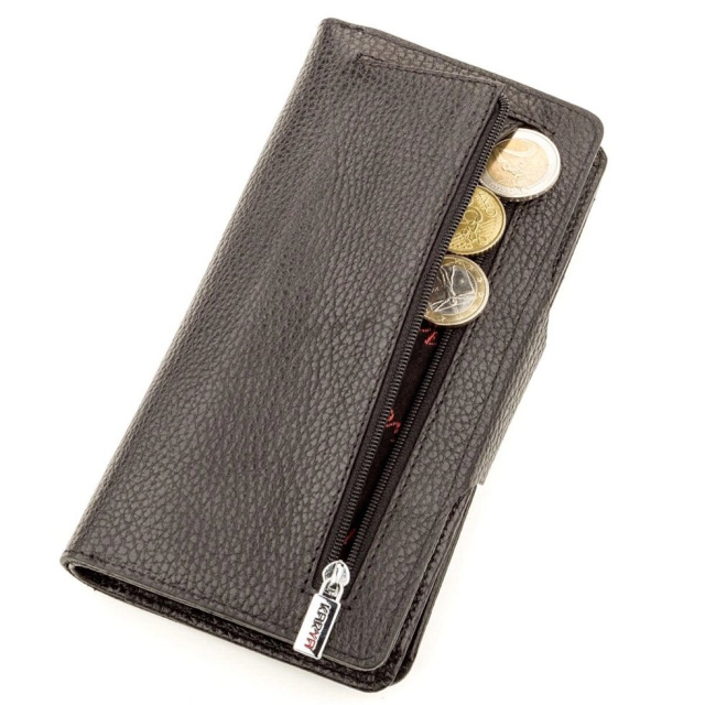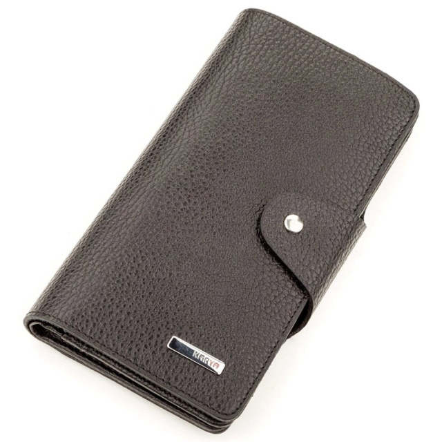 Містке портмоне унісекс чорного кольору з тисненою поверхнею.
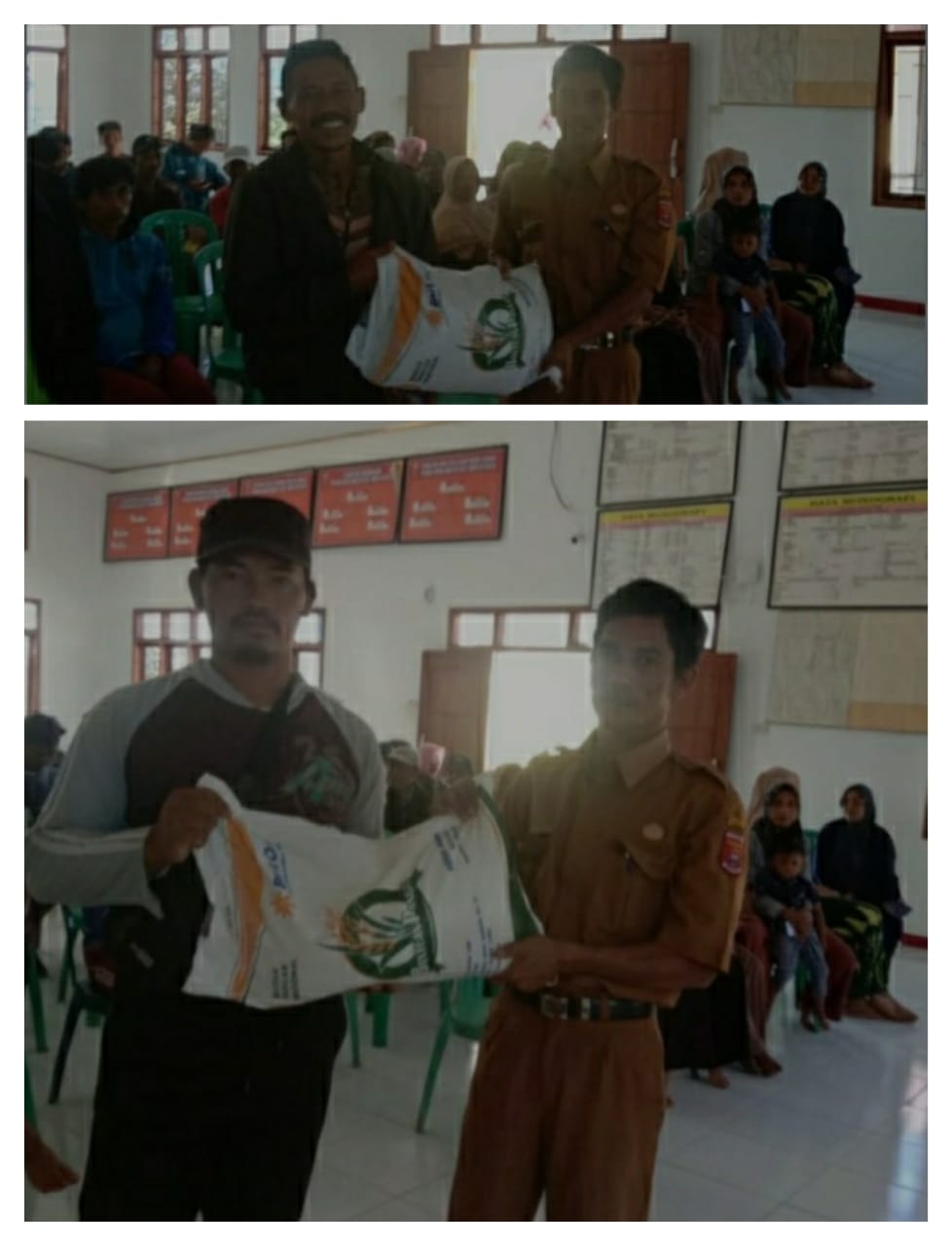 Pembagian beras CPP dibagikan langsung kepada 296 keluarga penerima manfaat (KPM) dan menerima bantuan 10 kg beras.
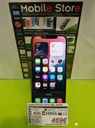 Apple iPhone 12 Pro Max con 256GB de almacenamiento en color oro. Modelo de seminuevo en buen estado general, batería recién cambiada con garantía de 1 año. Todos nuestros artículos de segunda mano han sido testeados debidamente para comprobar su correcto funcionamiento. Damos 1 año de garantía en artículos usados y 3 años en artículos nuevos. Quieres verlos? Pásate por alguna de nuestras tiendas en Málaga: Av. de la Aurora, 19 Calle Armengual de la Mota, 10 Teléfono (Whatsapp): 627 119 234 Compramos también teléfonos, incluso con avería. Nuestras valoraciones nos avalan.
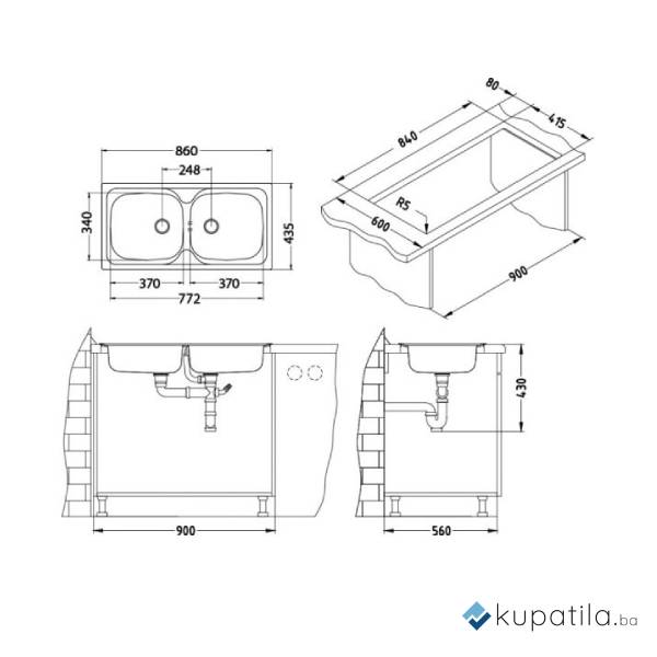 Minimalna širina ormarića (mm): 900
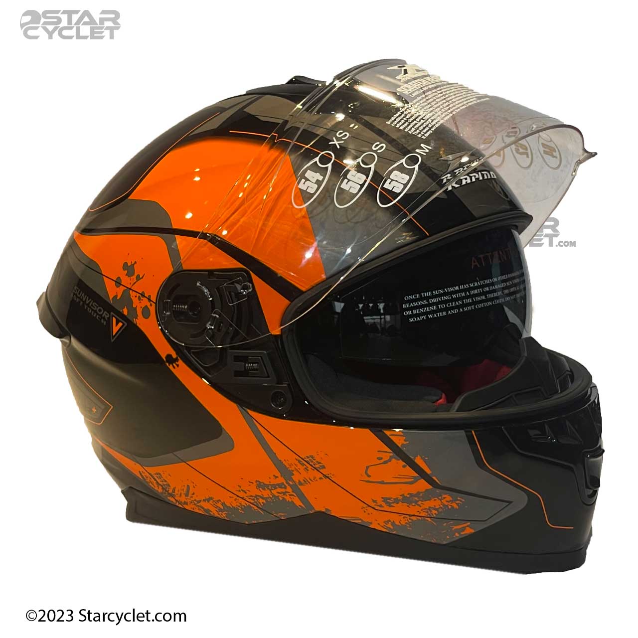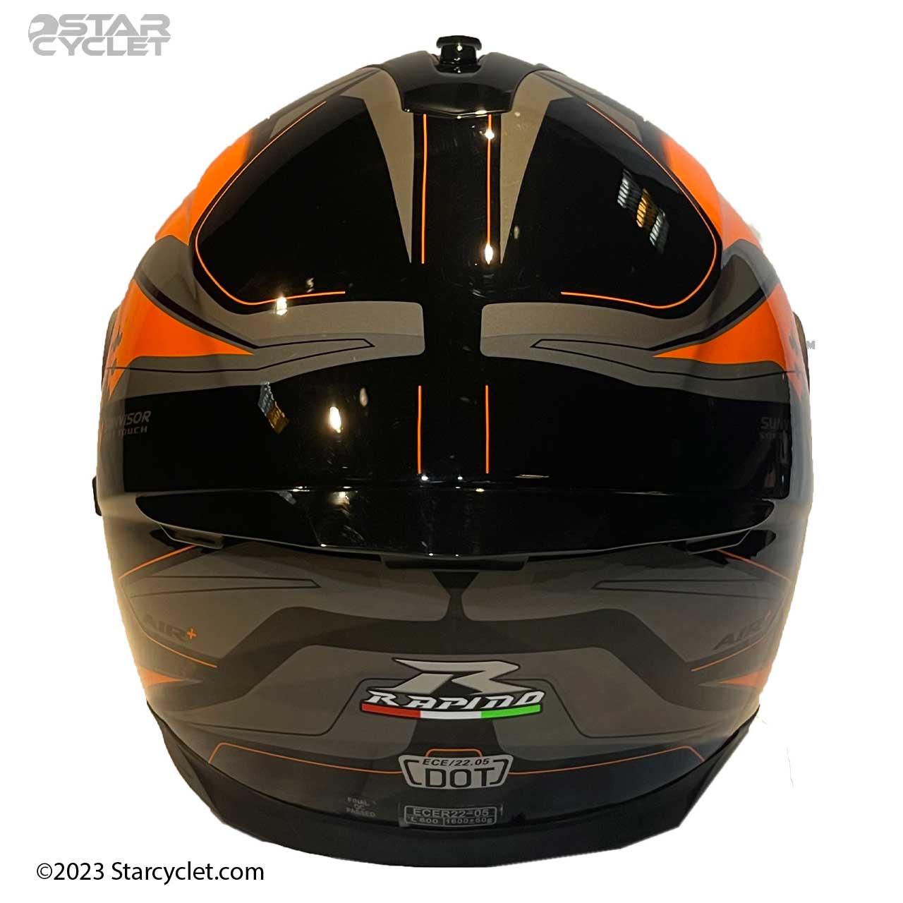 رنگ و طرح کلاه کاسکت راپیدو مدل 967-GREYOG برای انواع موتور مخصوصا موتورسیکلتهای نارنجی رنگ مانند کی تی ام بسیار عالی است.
---
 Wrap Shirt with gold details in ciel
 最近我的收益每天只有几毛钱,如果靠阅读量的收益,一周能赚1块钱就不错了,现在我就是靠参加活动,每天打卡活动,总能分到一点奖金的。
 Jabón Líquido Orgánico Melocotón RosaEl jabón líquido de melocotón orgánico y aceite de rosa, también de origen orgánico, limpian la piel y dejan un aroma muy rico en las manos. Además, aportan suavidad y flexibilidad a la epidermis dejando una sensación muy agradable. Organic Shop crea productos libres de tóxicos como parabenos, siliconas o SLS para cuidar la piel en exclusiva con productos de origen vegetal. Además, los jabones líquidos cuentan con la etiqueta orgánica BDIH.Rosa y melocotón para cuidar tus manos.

#### Task to carry out
Look above for the line containing "Містке портмоне унісекс", then write out every line from there down to the line containing "Pembagian beras CPP", that line included, with no pictures.

#### Solution for this problem
 Містке портмоне унісекс чорного кольору з тисненою поверхнею.
 Pembagian beras CPP dibagikan langsung kepada 296 keluarga penerima manfaat (KPM) dan menerima bantuan 10 kg beras.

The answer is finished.